Stream CDC Data from Oracle

  • how-to
To continuously load change data capture (CDC) events from an Oracle database into Enterprise Analytics, you configure the Debezium Oracle connector to publish changes to a Kafka topic, then create a Kafka link and collection in Enterprise Analytics.

The Debezium Oracle connector captures row-level changes in Oracle tables and publishes them as JSON events to a Kafka topic. Enterprise Analytics reads from that topic using a Kafka link.

Prerequisites

  • A running Kafka cluster with a Debezium connector configured for your Oracle database, producing messages in JSON, Avro, or Protobuf format.

  • If using JSON format, schema embedding must be disabled for both key and value converters in your Debezium configuration:

    key.converter.schemas.enable=false
    value.converter.schemas.enable=false
  • A Kafka link in Enterprise Analytics. See Create a Kafka Pipeline Link.

Create an Enterprise Analytics Collection

The Kafka topic for an Oracle table follows the naming convention <topic.prefix>.<schema>.<table>. For example, if topic.prefix is oracle, the schema is ADMIN, and the table is ORDERS, the topic name is oracle.ADMIN.ORDERS.

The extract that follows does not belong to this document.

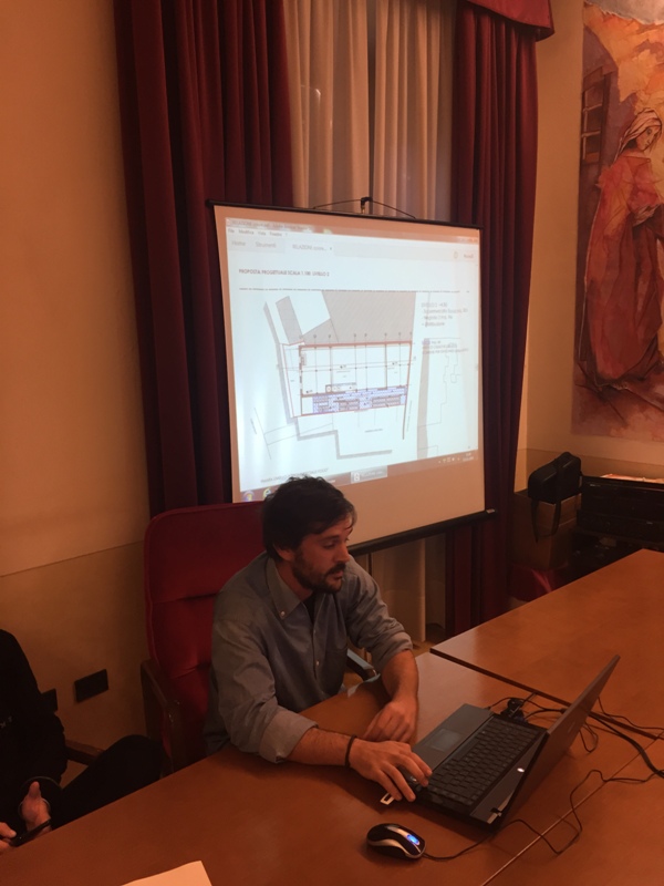 Il progetto di riqualificazione dell’ex Cinema – che dovrà passare da un adeguamento degli strumenti urbanistici attualmente in vigore - è stato illustrato questa mattina nella sala rossa del Municipio dal sindaco Alessio Falorni, dall’imprenditore Marco Tamberi (che si farà carico dell'intervento, NdR) e dai progettisti: architetto Paolo Gaeta e geometra Luigi Gaeta.
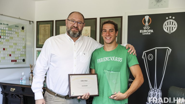 Az FTC úszója, Gálicz Péter világraszóló eredményt ért el a budapesti vizes világbajnokságon, amikor a nyíltvízi úszók 25 kilométeres távján bronzérmet nyert. A Fradi 22 éves sportolója a verseny után ITT mesélt a FradiMédiának az élményeiről, most pedig sikeréért elnöki elismerő oklevelet vehetett át klubunk ügyvezető alelnökétől, Nyíri Zoltántól.

The following example creates a collection on a Kafka link to ingest Debezium Oracle CDC records:

CREATE COLLECTION `Default`.`Default`.oracleOrders
    PRIMARY KEY (ID: bigint)
    ON `oracle.ADMIN.ORDERS` AT kafkaLink
    WITH {
        "storage-format": {"format": "column"},
        "kafka-sink": "true",
        "keySerializationType": "JSON",
        "valueSerializationType": "JSON",
        "cdcEnabled": "true",
        "cdcDetails": {
            "cdcSource": "ORACLE",
            "cdcSourceConnector": "DEBEZIUM"
        }
    };
Parameter Description

PRIMARY KEY

The primary key field and its data type. Must match a column in the Oracle table.

ON

The Kafka topic name. Must match the topic the Debezium connector publishes to.

AT

The name of the Kafka link that connects to your Kafka cluster.

cdcEnabled

Set to "true" to enable CDC processing for this collection.

cdcSource

Set to "ORACLE" to indicate the upstream CDC source is Oracle.

cdcSourceConnector

Set to "DEBEZIUM" to indicate the Debezium connector is in use.

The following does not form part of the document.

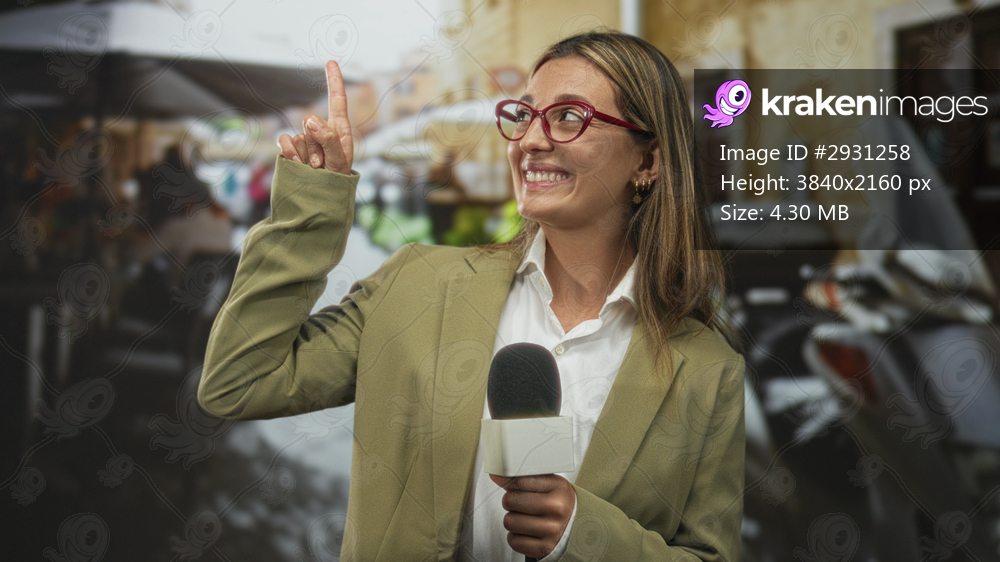 Woman holding microphone points index finger upward on street with scooters and cafe tables and blurred pedestrians; confidence live reporting.

To start ingesting data, connect the Kafka link:

CONNECT LINK kafkaLink;

Data Type Handling and Limitations

During ingestion, Debezium may convert Oracle types in ways that differ from the native Oracle representation. Ingestion is performed based on the contents of the after field in each event. No schema metadata is used.

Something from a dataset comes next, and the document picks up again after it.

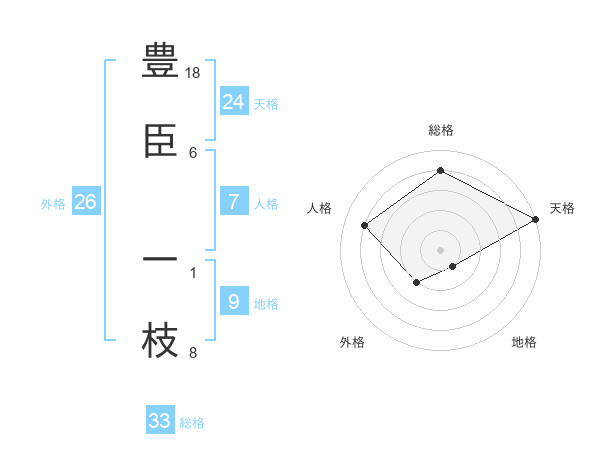 豊臣 一枝さんを姓名の画数から五運を鑑定

The following table shows how Oracle types map to Enterprise Analytics types with the default Debezium configuration.

Oracle Type Enterprise Analytics Type

CHAR[(M)], NCHAR[(M)], NVARCHAR2[(M)], VARCHAR[(M)], VARCHAR2[(M)]

STRING

BLOB, CLOB, NCLOB

STRING

BINARY_FLOAT, BINARY_DOUBLE

DOUBLE

DECIMAL[(P, S)]

STRING or BIGINT

DOUBLE PRECISION, FLOAT[(P)], NUMBER[(P[, *])], REAL

OBJECT

INTEGER, INT

STRING

NUMBER(P, S <= 0)

BIGINT

NUMBER(P, S > 0)

STRING

NUMERIC[(P, S)]

STRING or BIGINT

SMALLINT

STRING

DATE

BIGINT

INTERVAL DAY[(M)] TO SECOND

DOUBLE

INTERVAL YEAR[(M)] TO MONTH

DOUBLE

TIMESTAMP(0-3), TIMESTAMP, TIMESTAMP(4-6), TIMESTAMP(7-9)

BIGINT

TIMESTAMP WITH TIME ZONE, TIMESTAMP WITH LOCAL TIME ZONE

STRING

Unsupported Oracle Types

The following Oracle types are not supported by Debezium:

  • BFILE (binary file)

  • BOOLEAN

  • Direct joins in the FROM clause of UPDATE and DELETE statements

  • Data Use Case Domains

  • JavaScript-based stored procedures

  • LONG

  • LONG RAW

  • ROWID (not supported on XStream)

  • Table value constructors (TVCs)

  • UROWID (Universal ROWID)

  • VECTOR

Debezium Configuration Options

Debezium provides configuration options to reduce data type mismatches. For example, setting decimal.handling.mode = double causes Oracle decimal values to be ingested as DOUBLE values in Kafka. For a full list of options, see the Debezium Oracle connector documentation.

Test your complete data model with all expected data types before deploying to production to verify data is ingested as expected under your chosen configuration.